*** Block opens ***
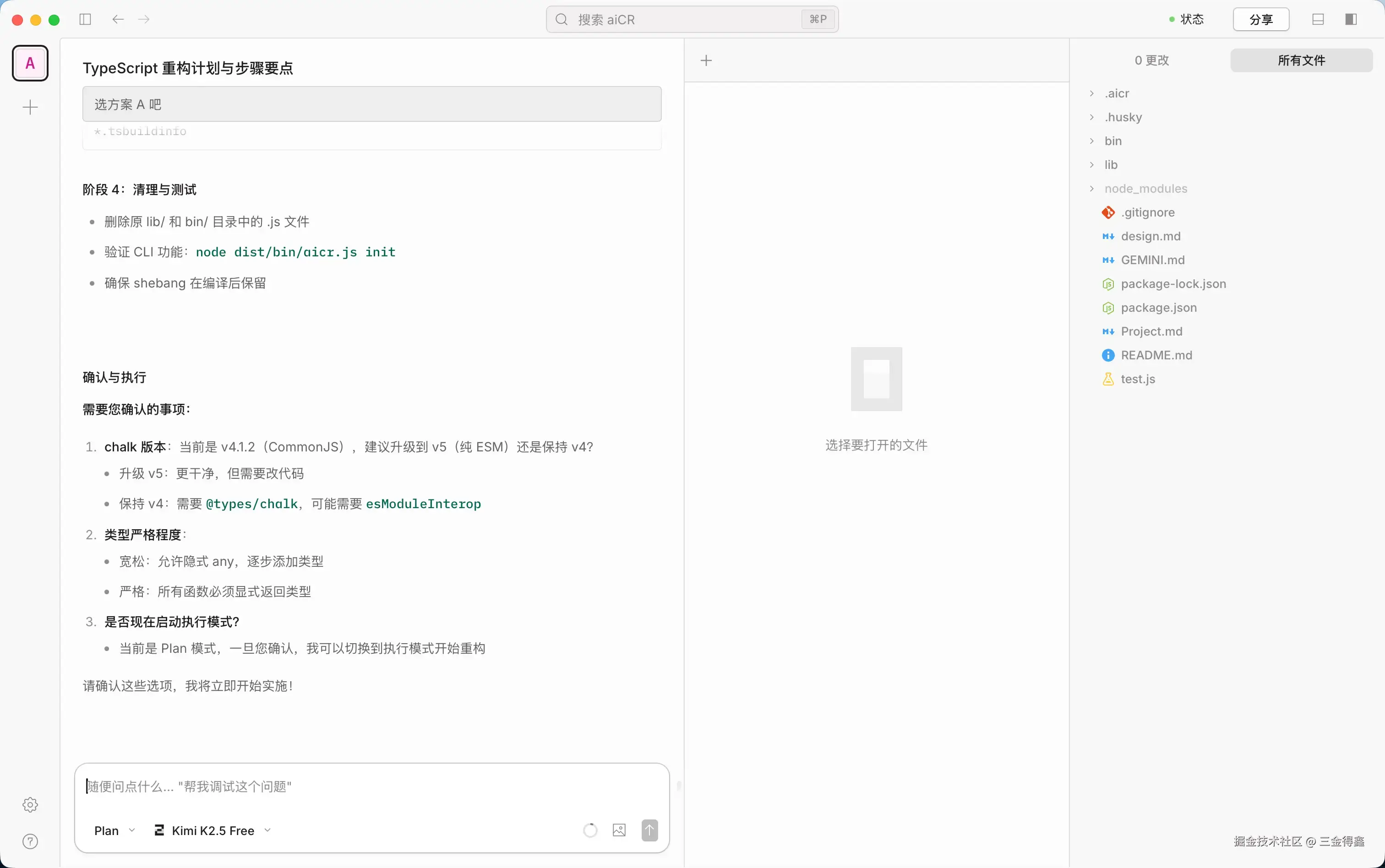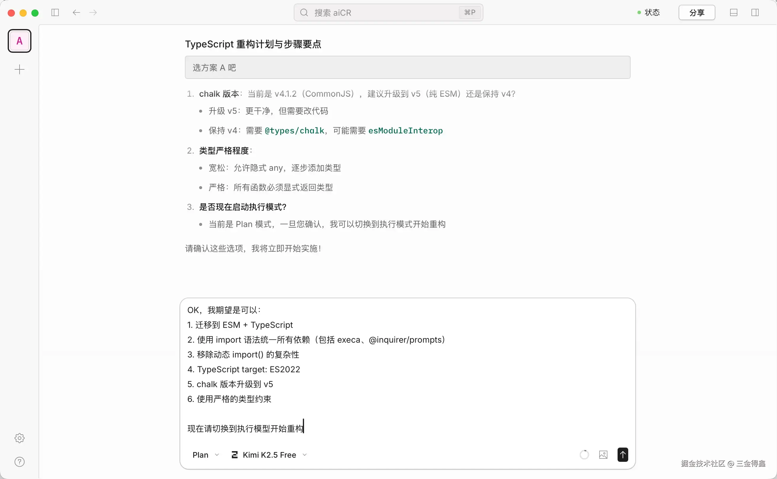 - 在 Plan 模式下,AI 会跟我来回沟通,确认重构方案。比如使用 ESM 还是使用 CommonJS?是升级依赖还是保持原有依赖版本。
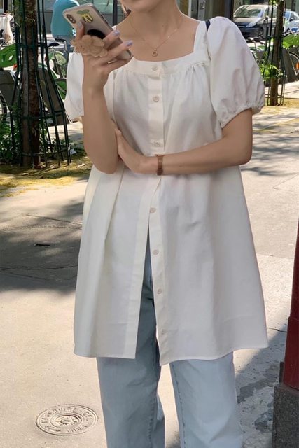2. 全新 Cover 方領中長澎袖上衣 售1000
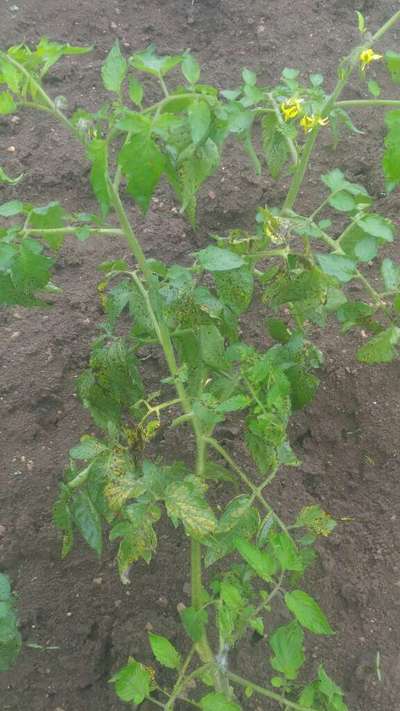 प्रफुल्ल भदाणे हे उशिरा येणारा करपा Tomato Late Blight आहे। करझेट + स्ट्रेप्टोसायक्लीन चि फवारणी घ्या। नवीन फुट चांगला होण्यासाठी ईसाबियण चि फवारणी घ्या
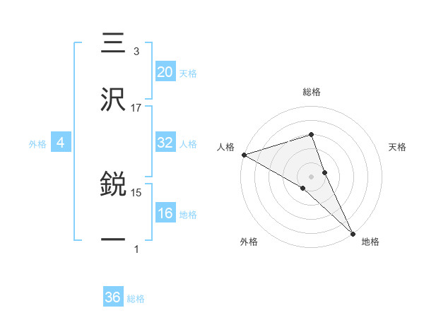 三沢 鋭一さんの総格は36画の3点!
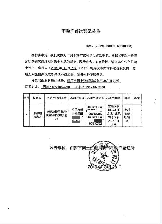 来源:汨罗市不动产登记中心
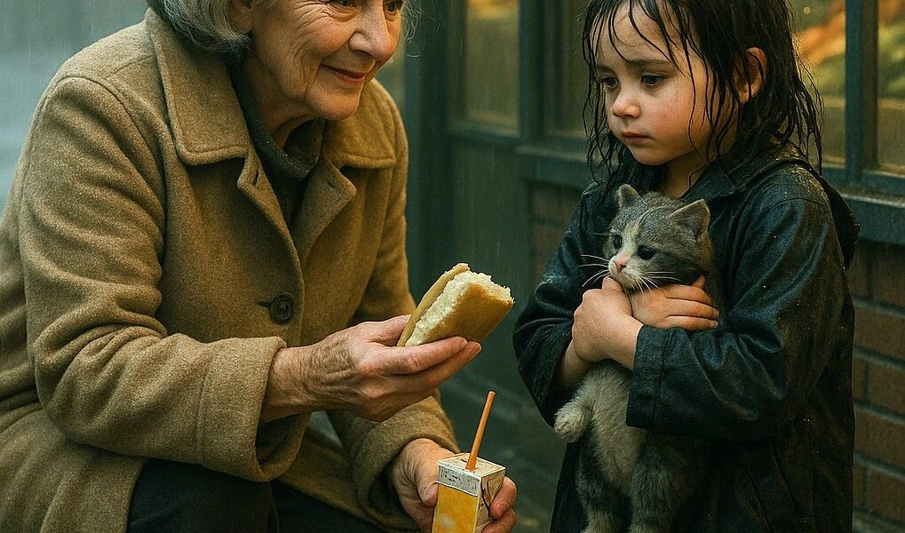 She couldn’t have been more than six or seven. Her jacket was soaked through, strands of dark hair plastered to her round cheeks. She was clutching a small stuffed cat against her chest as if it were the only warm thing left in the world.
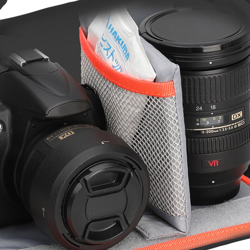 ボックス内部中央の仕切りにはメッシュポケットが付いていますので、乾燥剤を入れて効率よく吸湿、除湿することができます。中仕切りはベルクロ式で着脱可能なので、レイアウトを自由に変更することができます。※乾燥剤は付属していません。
*** Block closes ***
*** Block opens ***
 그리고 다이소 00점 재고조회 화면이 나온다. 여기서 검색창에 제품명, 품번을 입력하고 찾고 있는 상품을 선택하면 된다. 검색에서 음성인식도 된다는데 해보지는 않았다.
*** Block closes ***
*** Block opens ***
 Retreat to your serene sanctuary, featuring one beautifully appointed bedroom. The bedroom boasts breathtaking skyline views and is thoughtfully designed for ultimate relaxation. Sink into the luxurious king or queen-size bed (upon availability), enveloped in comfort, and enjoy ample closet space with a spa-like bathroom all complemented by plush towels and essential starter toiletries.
*** Block closes ***
TASK DIRECTIONS
Please copy out from the data above, without any picture, exactly the lines running from the one that holds "来源:汨罗市不动产登记中心" through the one that holds "ボックス内部中央の仕切りには", and nothing beyond them.

THE ANSWER
 来源:汨罗市不动产登记中心
 She couldn’t have been more than six or seven. Her jacket was soaked through, strands of dark hair plastered to her round cheeks. She was clutching a small stuffed cat against her chest as if it were the only warm thing left in the world.
 ボックス内部中央の仕切りにはメッシュポケットが付いていますので、乾燥剤を入れて効率よく吸湿、除湿することができます。中仕切りはベルクロ式で着脱可能なので、レイアウトを自由に変更することができます。※乾燥剤は付属していません。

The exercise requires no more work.